I believe much of that experience during those war years fueled my father for this success in ministry.  A Godly man, loving husband and a good provider, you haven’t met a man who loved people more. A witness of the horrors of war, he was completely driven and consumed by deep convictions to help and minister.  He married people.  He buried people. He baptized. He dedicated babies.  He visited the sick.  He pastored.  He preached.  He did the very best he could.

Growing up, I always had change in my pocket, a candy bar in the afternoon after school, and a high score in Pac-Man was just one quarter away.  So why then, with a great dad, almost perfect in every way, did I feel disconnected from him growing up?  How does this happen?  What did I do?  I knew that I was loved and cared for, that was not an issue.  The answer to those internal questions would come in a place called Normandy.

As the touring van cam to a quick stop, one of the most meaningful conversations with my dad stared with these words, “Dad, are you ok?”  From that gateway question came expressions I had never heard before, a side of my dad perhaps hidden from my perception.  It was a new experience.  The man who I idolized and always saw as strong became vulnerable and honest.

I could still hear his voice saying, “You are my son”, even when he no longer had a clue who I was.
— Janton R. Barrineau

It’s indeed strange how seeing a place will bring back vivid images and emotions.  It caused him to reflect on his entire life’s effort.  As he overlooked the countryside, he also surveyed his own heart.  Unlike some of his buddies, he lived his life fully.  Now in the final recount, he honestly had few regrets, except one.  “I’m sorry” he said.  Somehow in those two words I understood.  We were both honest.  He spoke about his absence in my life while busy doing the “right things” and I revealed to him my rebellion as a son.  We talked.  We walked.  We laughed. We cried.  We hugged.  I rediscovered my dad.  Most of all, we connected.

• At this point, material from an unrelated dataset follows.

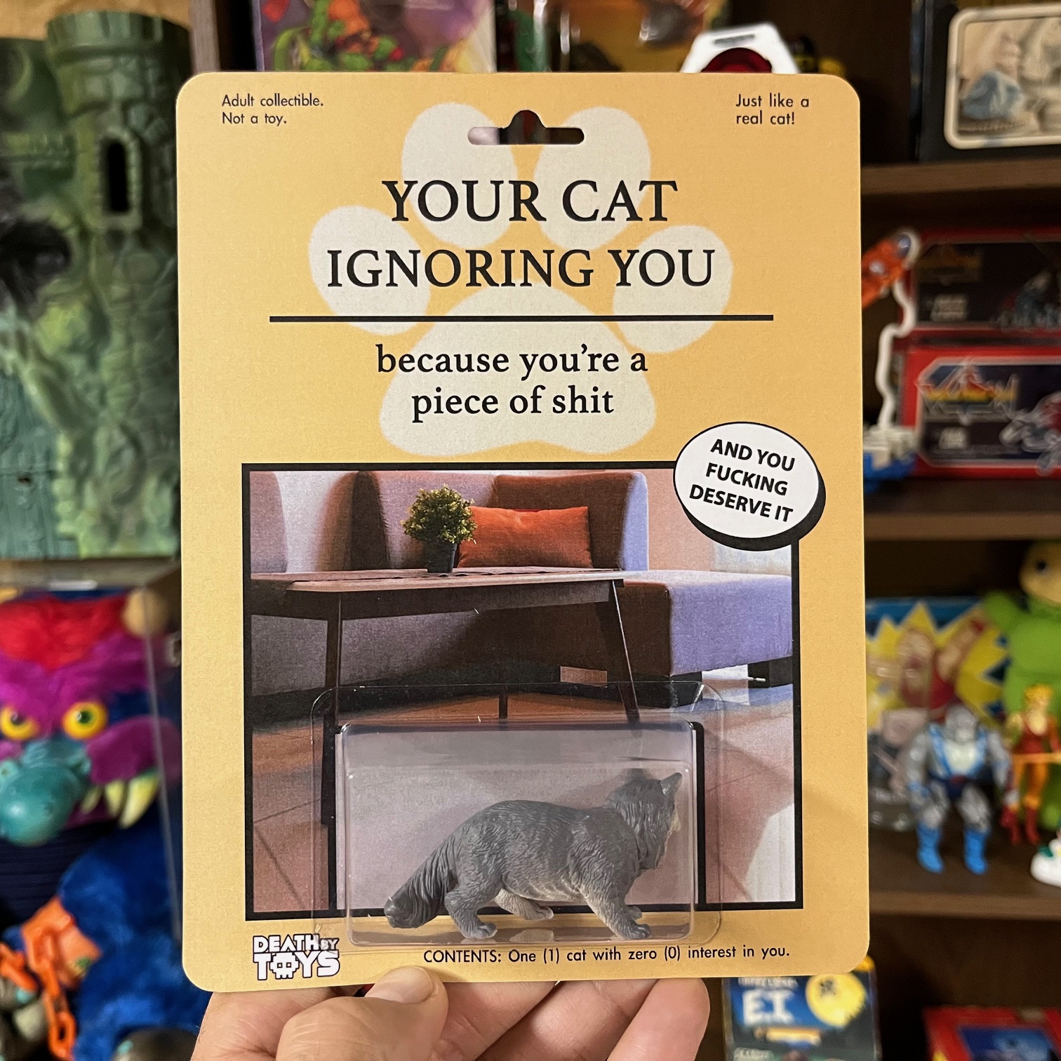 This miniature cat is 100% accurate in the sense that it doesn't care about you at all. It is made from a repurposed toy and comes mounted on a 6" x 8" cardback with nothing printed on the reverse side.

I had no way of knowing at that moment in less than a year, Dad would leave.  This time not by his choice or circumstance, but rather by a cruel disease that robbed him of almost every memory he had, both good and bad.  Those few short months were like gold.  In the almost eight years that followed, I leaned on those conversations in Normandy…still do.  I could still hear his voice saying, “You are my son”, even when he no longer had a clue who I was.

In the last book of the Old Testament, Malachi writes that, “He will turn the hearts of the parents to their children, and the hearts of the children to their parents.”  Simply put, the verse speaks of God’s desire to reconcile the generations.  To redo what was undone.  God’s heart is not only for us to connect with Him, but to each other, as well.

Because of this personal life changing experience, I now lead tours back to Normandy every year.  It’s my small attempt to give people a similar experience of what was given to me.  Some go simply because they love history.  Others take the journey to honor a family member or ancestor who served in that great conflict.  All go to make a connection.  Some come back changed.

This week the world’s eyes will once again look to Normandy, because of its historical relevance.  But to the readers of this article, I offer a different perspective - from one who has walked on its beaches.  If you find yourself searching to re-connect with a loved one, whose relationship is estranged or lost, LOOK FOR A NORMANDY - YOUR NORMANDY.  Find the “place” where you can be real, or at the very least, begin again.  Not just a physical, geographical, or historical place, but a place where it’s safe for connection to happen.  A place where honesty is welcome and real love lives.  When you find that place, you will more than likely rediscover more than just the person you love.